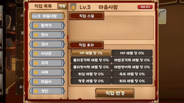 레벨에 따라 열리는 50가지 직업
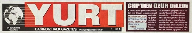 FETÖ'nün yayın organlarından Sızıntı Dergisi ve Zaman Gazetesi'nde yazarlık yapan Bahri Şenkal, CHP'den özür dileyen bir yazı yazdı. FETÖ'cü isme adeta sahip çıkan CHP'nin bülteni Yurt Gazetesi, Şenkal'in yazısını birinci sayfadan yayınladı.
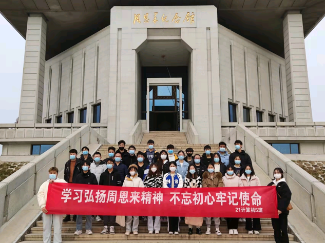 为了传承红色文化,汲取信仰的力量,学习周恩来总理求真务实、脚踏实地、全心全意为人民服务的精神,12月15日,2021级计算机5班开展了参观周恩来纪念馆的活动。
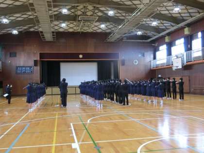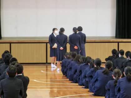今朝は、女子体育のバスケットボールの表彰がありました。
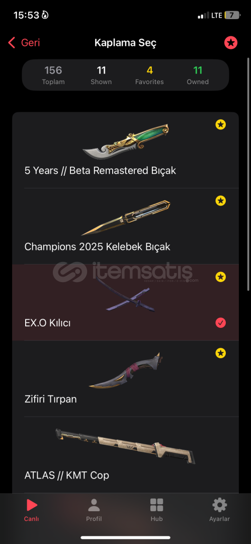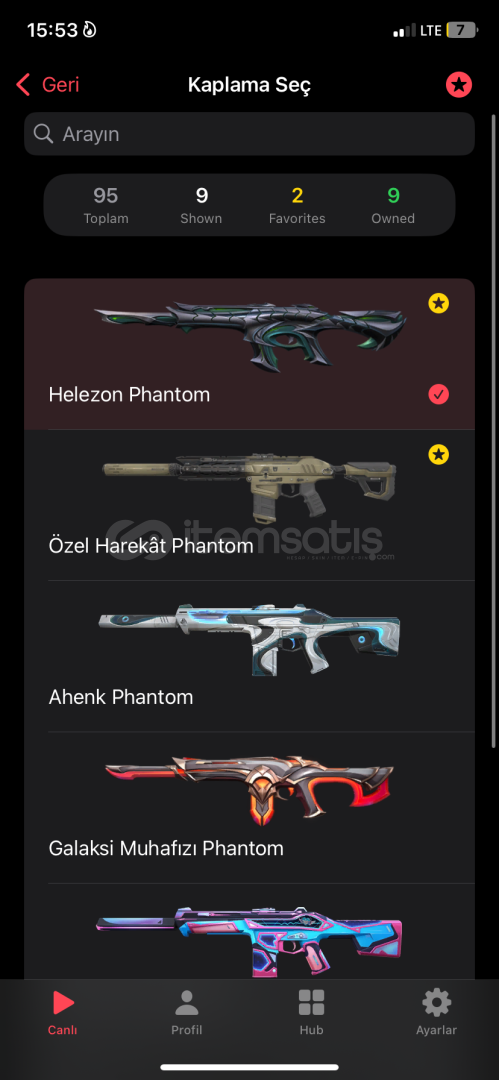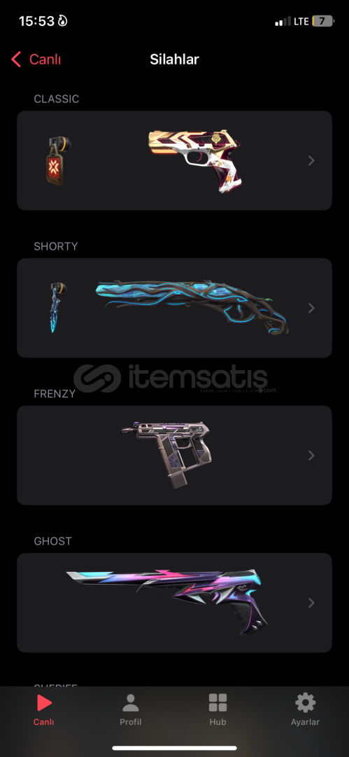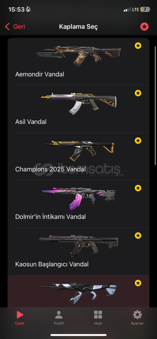 Vandal=Splash,oni,aemondır,splashx,kaos,one tap,asilPhantom=Helezon,Özel HarekatBuck=OniShorty=GaiaClassic=VCT25 G2Bıçak=5 Years//Beta Remaster Bıçak,Ex.o kılıcı,Zifiri tırpan,Champions 2025 kelebekOperatör=Sır çiçeğiAotlaw=Yıldız belasıSheriff=Ejderin buyruğu+4 battle pass
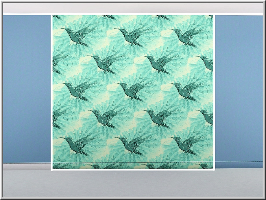 Themed pattern: blue hummingbirds against sun rays
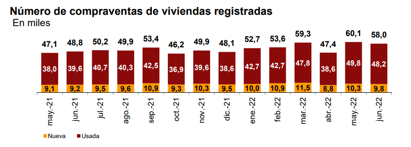 На рынок вторичного жилья пришлось 83,1% от общего числа сделок купли-продажи июня 2022 года, где было продано 48.188 объектов. Годовой рост этого сегмента составило 21,5%. С другой стороны, продажи новостроек выросли на 7,1%, до 9.822 операции.
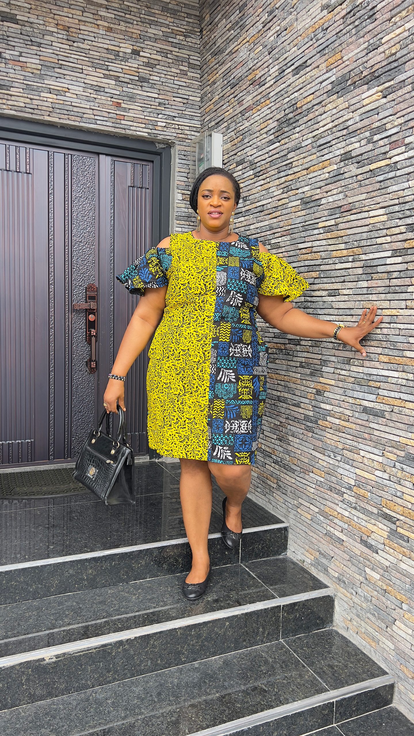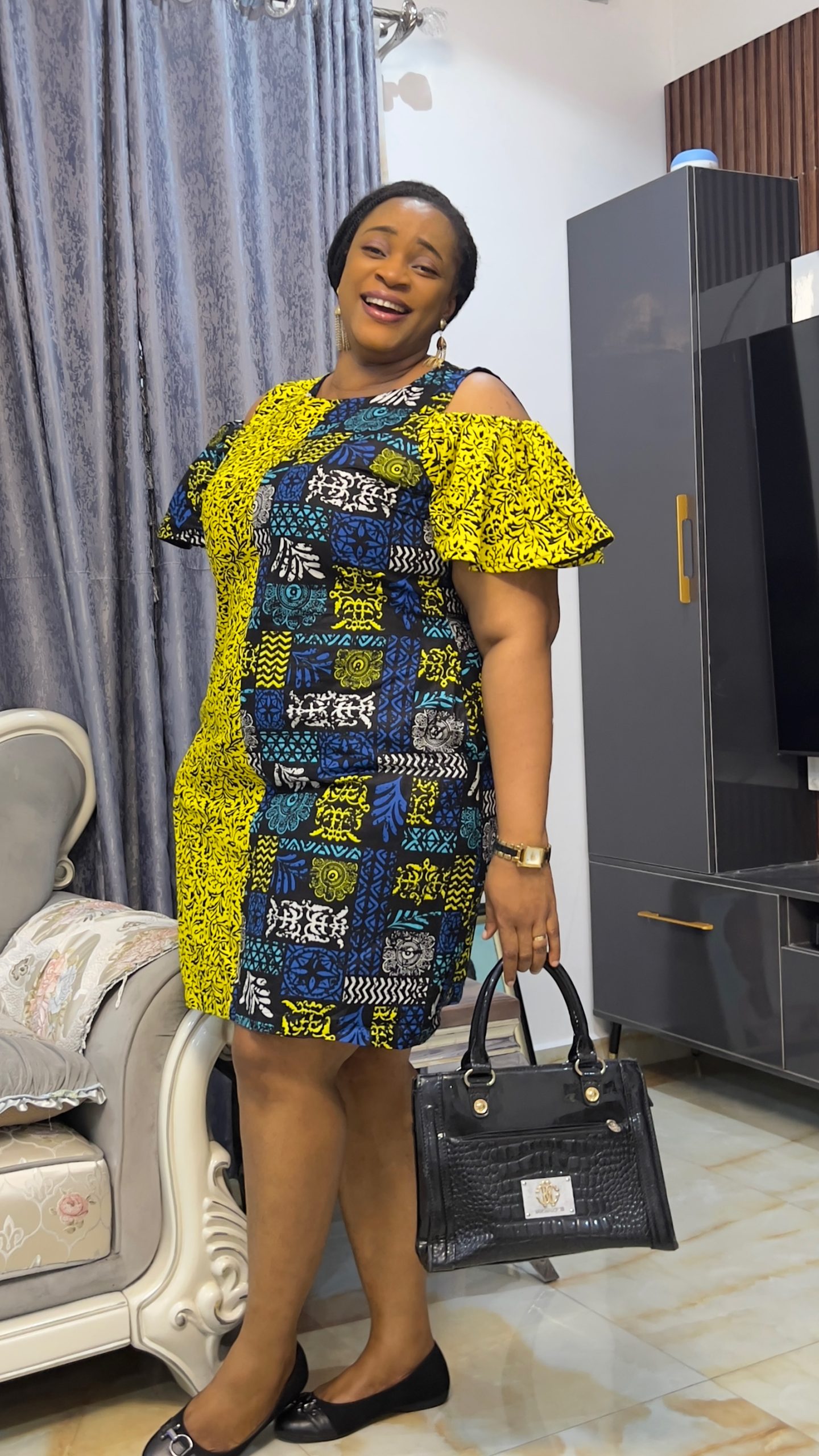 Yellow and blue quality ankara fabric. cold shoulder flutter sleeve that makes it chic and polished look.
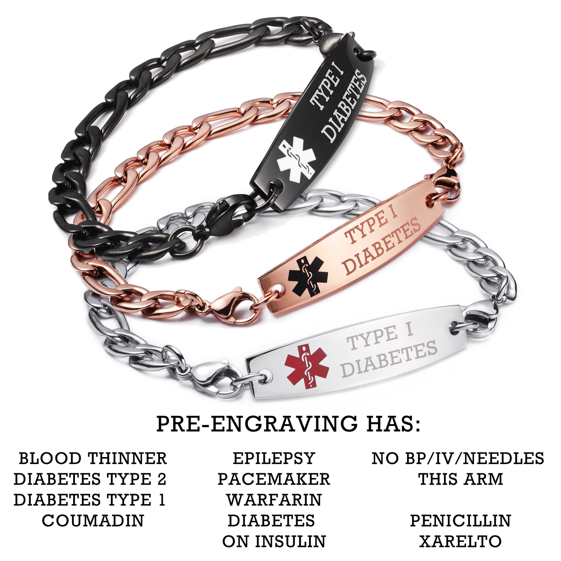 - This Stainless steel medical alert bracelets with pre-engraving 11 medical conditions, upgrade to laser engraving black characters, easier to identify, never disappear
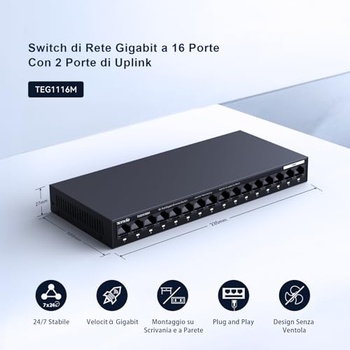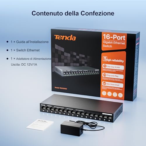 Immagina di avere un rubinetto (il tuo router) ma tanti dispositivi che hanno sete di connessione via cavo: la smart TV, la console per videogiochi, il computer fisso, un NAS... Le porte sul retro del router finiscono in fretta! Ecco che entra in gioco uno switch di rete come questo di Tenda. Pensa a lui come a una ciabatta elettrica, ma per le connessioni di rete: colleghi un cavo dal router allo switch e magicamente ottieni tante porte Ethernet aggiuntive per tutti i tuoi dispositivi. Semplice, no?
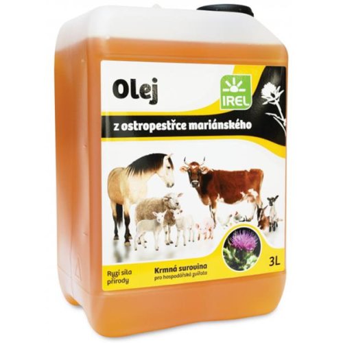 Jedná se o olej z plodu ostropestřce mariánského (Silybum marianum (L.) Gaertn.) lisovaného za studena. Tento produkt se používá jako senzorická (zchutňující) doplňková látka při krmení zvířat. Ve srovnání s řepkovým olejem, který nemá téměř žádné esenciální mastné kyseliny, má ostropestřecový olej kolem 60% kyseliny linolové. Tato kyselina je hlavním zástupcem esenciálních mastných kyselin a zároveň patří mezi nejlepší zdroje mastných kyselin pro organismus. Další benefitem ostropestřecového je vysoký obsah přírodního vitamínu E (ve formě alfa-tokoferolu), který přispívá k ochraně buněk před oxidativním stresem. Ostropestřecový olej je velmi bohatý na přírodní fytosteroly, které hrají zásadní roli při metabolismu tuků a na esenciální mastné kyseliny, zvláště na omega-6. Příznivě ovlivňuje zdravotní stav kůže a srsti a podporuje trávení a fertilitu. Doporučené dávkování: 15-30 ml na 100 kg hmotnosti zvířete na den. Nalít na seno nebo granule.
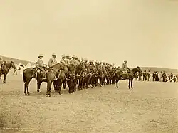 The volunteers came from Cootamundra, Gundagai, Wagga Wagga, Young, Hay, Cooma, Moree, Cobar, Tenterfield, and Bourke.[2] Formed as the sixth contingent of Imperial Bushman, with an original strength of 762 men under the command of Lieutenant Colonel Kenneth Mackay, the unit departed Sydney for South Africa on 23 April 1900 on the transport Armenian. Between May 1900 and May 1901 it served in Rhodesia as part of the Rhodesian Field Force under Lieutenant General Sir Frederick Carrington and later in West Transvaal, including the capture of Koos de la Rey's convoy and guns at Wildfontein on 24 March 1901. Lieutenant Colonel Haviland Le Mesurier took over as commanding officer in November 1900. The unit departed East London on the transport Orient and returned to Australia on 17 July 1901. Casualties included 13 killed or died of wounds and nine died of disease.[3] Members of the regiment received one Companion of The Most Honourable Order of the Bath, 4 Distinguished Service Orders and 1 Distinguished Conduct Medal.[1]
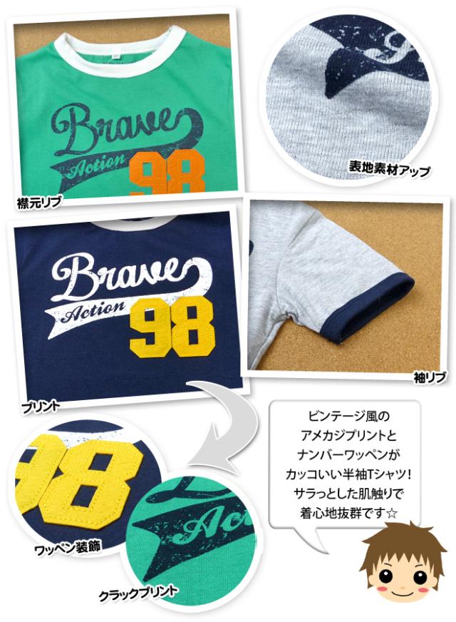 【送料無料】子供服 男の子 Tシャツ 半袖 クラック英字プリント ナンバーワッペン アメカジ系 男児 キッズ【メール便対応】

WHAT IS NEEDED ▸
Set down again, exactly, every line above from the one with "为了传承红色文化,汲取信仰的" down to the one with "- This Stainless", both ends included. No pictures, and nothing else.

ANSWER FOR THE TASK ▸
 为了传承红色文化,汲取信仰的力量,学习周恩来总理求真务实、脚踏实地、全心全意为人民服务的精神,12月15日,2021级计算机5班开展了参观周恩来纪念馆的活动。
今朝は、女子体育のバスケットボールの表彰がありました。
 Vandal=Splash,oni,aemondır,splashx,kaos,one tap,asilPhantom=Helezon,Özel HarekatBuck=OniShorty=GaiaClassic=VCT25 G2Bıçak=5 Years//Beta Remaster Bıçak,Ex.o kılıcı,Zifiri tırpan,Champions 2025 kelebekOperatör=Sır çiçeğiAotlaw=Yıldız belasıSheriff=Ejderin buyruğu+4 battle pass
 Themed pattern: blue hummingbirds against sun rays
 На рынок вторичного жилья пришлось 83,1% от общего числа сделок купли-продажи июня 2022 года, где было продано 48.188 объектов. Годовой рост этого сегмента составило 21,5%. С другой стороны, продажи новостроек выросли на 7,1%, до 9.822 операции.
 Yellow and blue quality ankara fabric. cold shoulder flutter sleeve that makes it chic and polished look.
 - This Stainless steel medical alert bracelets with pre-engraving 11 medical conditions, upgrade to laser engraving black characters, easier to identify, never disappear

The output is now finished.